If you want to buy a new property but still have a mortgage on your current home, mortgage porting may be your best choice. This article will dive deeper into it, its benefits, and how to do it.
What is Mortgage Porting?
Mortgage porting in Canada is transferring your current mortgage into a new property. This process allows you to keep your current mortgage terms and conditions, such as the interest rate, remaining balance, and amortization period, which can save you money and make moving more convenient.
How to Port Your Mortgage?
1. Contact Your Lender. Contact your current lender and ask if they offer mortgage porting; if they do, they’ll provide you with the necessary paperwork and explain the process.
2. Apply for a New Mortgage. If you are moving to a new lender, you must apply for a new mortgage. Compare offers from lenders to others.
3. Provide Documentation.
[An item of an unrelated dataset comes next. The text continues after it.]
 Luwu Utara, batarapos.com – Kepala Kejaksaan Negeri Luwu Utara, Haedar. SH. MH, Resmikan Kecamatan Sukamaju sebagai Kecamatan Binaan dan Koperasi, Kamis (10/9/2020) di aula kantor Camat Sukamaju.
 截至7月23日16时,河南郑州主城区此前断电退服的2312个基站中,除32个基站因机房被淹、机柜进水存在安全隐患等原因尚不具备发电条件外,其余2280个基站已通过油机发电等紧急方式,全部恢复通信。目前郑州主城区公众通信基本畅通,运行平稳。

You’ll need to provide documentation such as proof of income, employment, and credit history to qualify for a new mortgage.
4. Appraisal: A new appraisal may be required for the new property to determine its value and to ensure it meets the lender’s requirements.
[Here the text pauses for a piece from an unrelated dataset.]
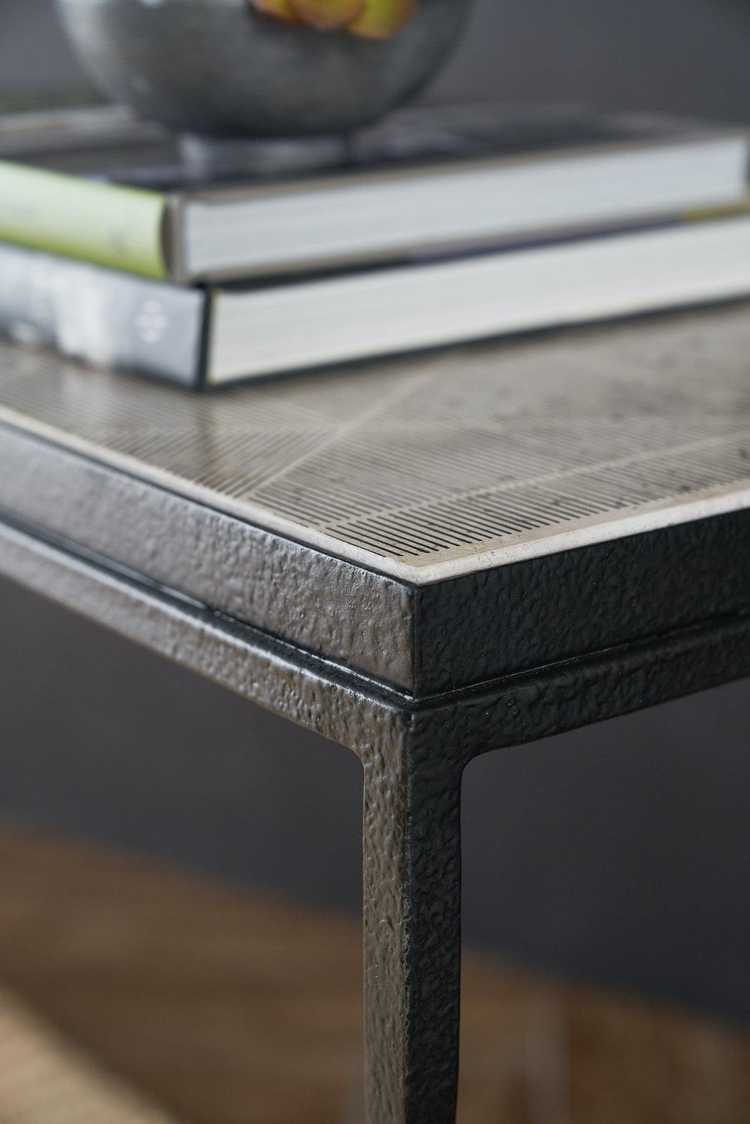 Mesa consola de metal y madera con tablero de piedra travertino Hooker Furniture Commerce & Market

5. Finalize the paperwork: Once you’ve completed all the necessary steps, you must sign the paperwork to finalize the porting process.
Things to Consider before Porting your Mortgage:
1. Fees. Porting your mortgage can save you money. However, there are fees to consider, like appraisal or administration fees.
2. Interest Fees. While you can keep your current interest rate, comparing it to other lenders is essential to ensure you’re getting the best deals.
3. Property value. If the value of your new property is significantly higher than your current property, you may need to take out a new mortgage to cover the difference.
4. Mortgage terms. Review your current mortgage terms and conditions to ensure they still meet your needs.
Benefits of Mortgage Porting
• Cost Savings
It can save you money from penalties and other fees for breaking your the contract early.
• Easier Qualification
You already established a mortgage history with your lender, so qualifying for a new mortgage will be easier.
• Fixed Interest Rates
Porting your mortgage can stabilize your interest rate if you’re already satisfied with your current rate. You won’t worry about interest fluctuations, which gives you peace of mind.
With mortgage porting, you won’t deal with the lengthy process of applying for a new mortgage.
The Downside of Mortgage Porting
• Limited Options
If you choose to port your mortgage, you may be limited to your lender’s current lender’s products and services. You may be unable to take advantage of better deals from other lenders.
• Higher Interest Rates
Even if you can keep your current interest rate when you’re porting, your lender may require you to take out additional financing at a higher interest rate. You’ll end up paying more at the end of your mortgage.
• Restrictive Terms
You won’t be able to change the amortization period, payment frequency, or other features of your mortgage because porting your mortgage requires you to keep the same terms and conditions as your existing mortgage.
• Limited Flexibility
Porting your mortgage can limit your flexibility if you need to borrow additional funds for your new property. You may need to take out a second mortgage or line of credit, which can have higher interest rates and fees.
While porting your mortgage can save you money on prepayment penalties and other fees associated with breaking your mortgage early, there may still be fees associated with the porting process, such as an appraisal or administration fee.
When is Mortgage Porting a Good Idea?
If you’re selling your existing home and buying a new one with a significant time on your existing mortgage.
If you plan to move soon, mortgage porting can be the best option. It allows you to break your mortgage contract without penalties.
Most importantly, you can determine if it is the best choice for you depending on your financial situation, financial goals, and long-term plans for home ownership.
How to Prepare Your Finances for a Successful Mortgage Porting Process?
1. Check credit score. Your credit score will determine your eligibility for mortgage porting. Check your credit score and improve it if necessary before applying for porting.
2. Determine your Budget. Assess your budget and determine what you realistically afford. Ensure that you include other costs associated with the process.
3. Review your Existing Mortgage Terms. Ensure you understand your current mortgage terms and compare them to other products if you find better deals.
4. Save for closing costs. When you port your mortgage, you’ll need to pay closing costs, including legal, appraisal, and transfer fees. Make sure to budget for these costs and save accordingly.
5. Avoid significant financial changes. Changing jobs or taking on new debts during your mortgage process will likely lower your qualifying chance.
Before deciding on your mortgage, ensure you understand your financial situation and the terms of the process you’re going into. Research about it and ensure you have enough knowledge before applying.